AS A keen student of world cultures and human development, I have noted that all pre-materialistic societies had the caring trait, which in my part of the world is called ubuntuor botho.

Materialistic societies consider material possessions and physical comfort as more important than spiritual values.

Different peoples in traditional settings - from England to Japan, from Aborigines to the Apache - possessed this attribute of humanity, which some strongly believe to be the preserve of Africans.

Ubuntu (Nguni) or botho (Sotho) or vhuthu (Venda) or unhu (Shona) are merely southern Africa words describing something that exists in all human societies before the pressures of survival through cash-based economies changed the way we see one another as human beings. This is how I understand the concept of ubuntu.

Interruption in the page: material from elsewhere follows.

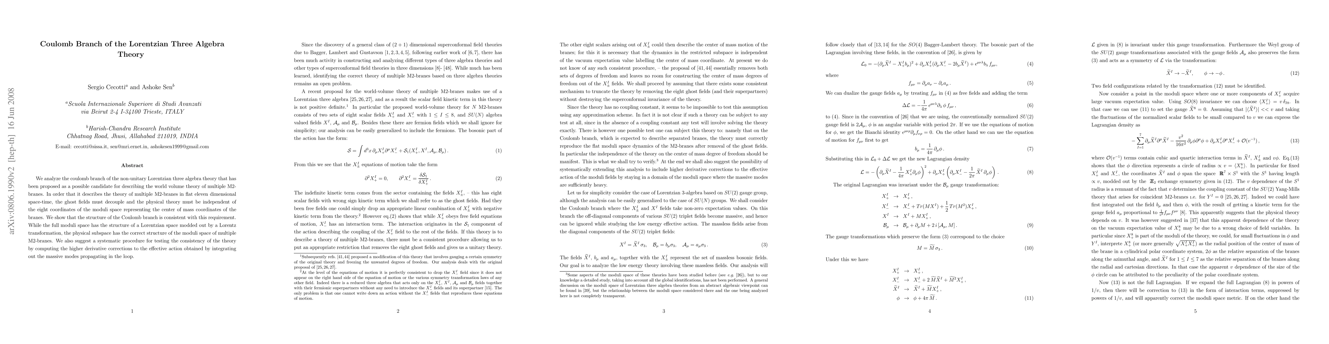 We analyze the coulomb branch of the non-unitary Lorentzian three algebra theory that has been proposed as a possible candidate for describing the world volume theory of multiple M2-branes. In order that it describes the theory of multiple M2-branes in flat eleven dimensional space-time, the ghost fields must decouple and the physical theory must be independent of the eight coordinates of the moduli space representing the center of mass coordinates of the branes. We show that the structure of the Coulomb branch is consistent with this requirement. While the full moduli space has the structure of a Lorentzian space modded out by a Lorentz transformation, the physical subspace has the correct structure of the moduli space of multiple M2-branes. We also suggest a systematic procedure for testing the consistency of the theory by computing the higher derivative corrections to the effective action obtained by integrating out the massive modes propagating in the loop.

The book Ubuntu: Curating the Archive, edited by Leonhard Praeg and Siphokazi Magadla, endorses my understanding in many instances.

Praeg points out that industrialisation and urbanisation uprooted people and forced individuals to fend for themselves in difficult environments, mostly among unfamiliar people.

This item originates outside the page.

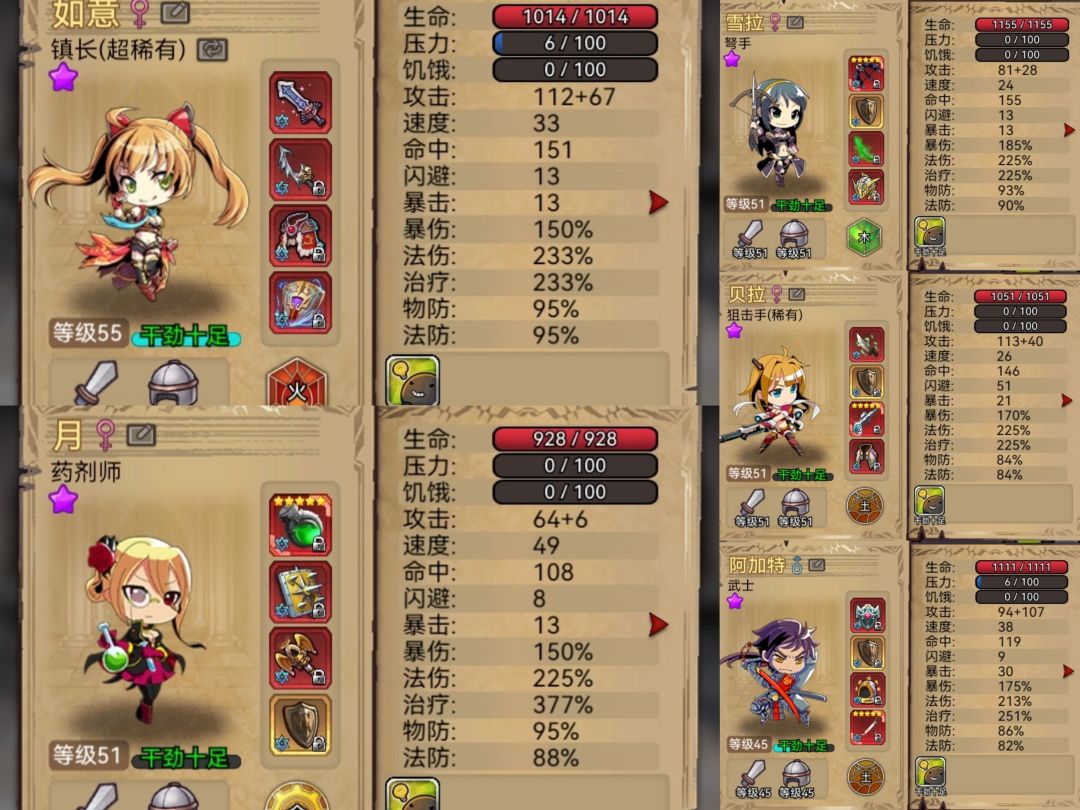 个人选择:2个金火火暴伤,2个水火火暴伤,1个火火土暴伤,6个金生命,5个水生命,4个火暴伤,5个土治疗。

This recently released UKZN Press-published volume is compiled from contributions by an African studies project team from Rhodes University's political and international studies department in 2011. It keenly demonstrates that colonialism planted the seed for the erosion of ubuntu in Africa.

It must also be noted that in Europe, ordinary people also suffered internal colonialism at the hands of the ruling class, mainly through the feudal systems.

Both colonialism and feudalism led to the uprooting of people off the lands, forcing people to lose the spiritual glue which had kept them together in interdependent societies.

Interdependence as a way of life was replaced by survivalist habits and lifestyles that were, and are still, being driven by individualism.

Apart from political manifestations which changed the world's approach to ubuntu or humanity, the book shows how ubuntu inspired political systems, in Ghana under Africa's first president Kwame Nkrumah, and more so in case of the ujamaa system that was initiated by former Tanzanian president Julius Nyerere.

In chapter 6, Issa G Shivji writes ". Nyerere explicitly argued that his variant of socialism, or ujamaa, derived from traditional African society."

Nyerere strongly argued that through ujamaa he was not importing socialism, but that he sought to prove that his people had thrived on a socialist system that was based on utu, or dignity or humanity, that had existed long before the arrival of colonialism and Western culture.

Two other contributors, Magadla and Ezra Chitando, point to the need for African men today to desist from abusing ubuntu and culture and forge safer, happier communities.

Overall, this finex book gives hope that these negative trends can be reversed, perhaps with a bit more ubuntu from governments.

Already, in places where governments are more caring, such as in the Scandinavian countries, citizens are happier and therefore able to care for other people, as exemplified by this Venda proverb: Muthu u bebelwa munwe (a person is born for another or others).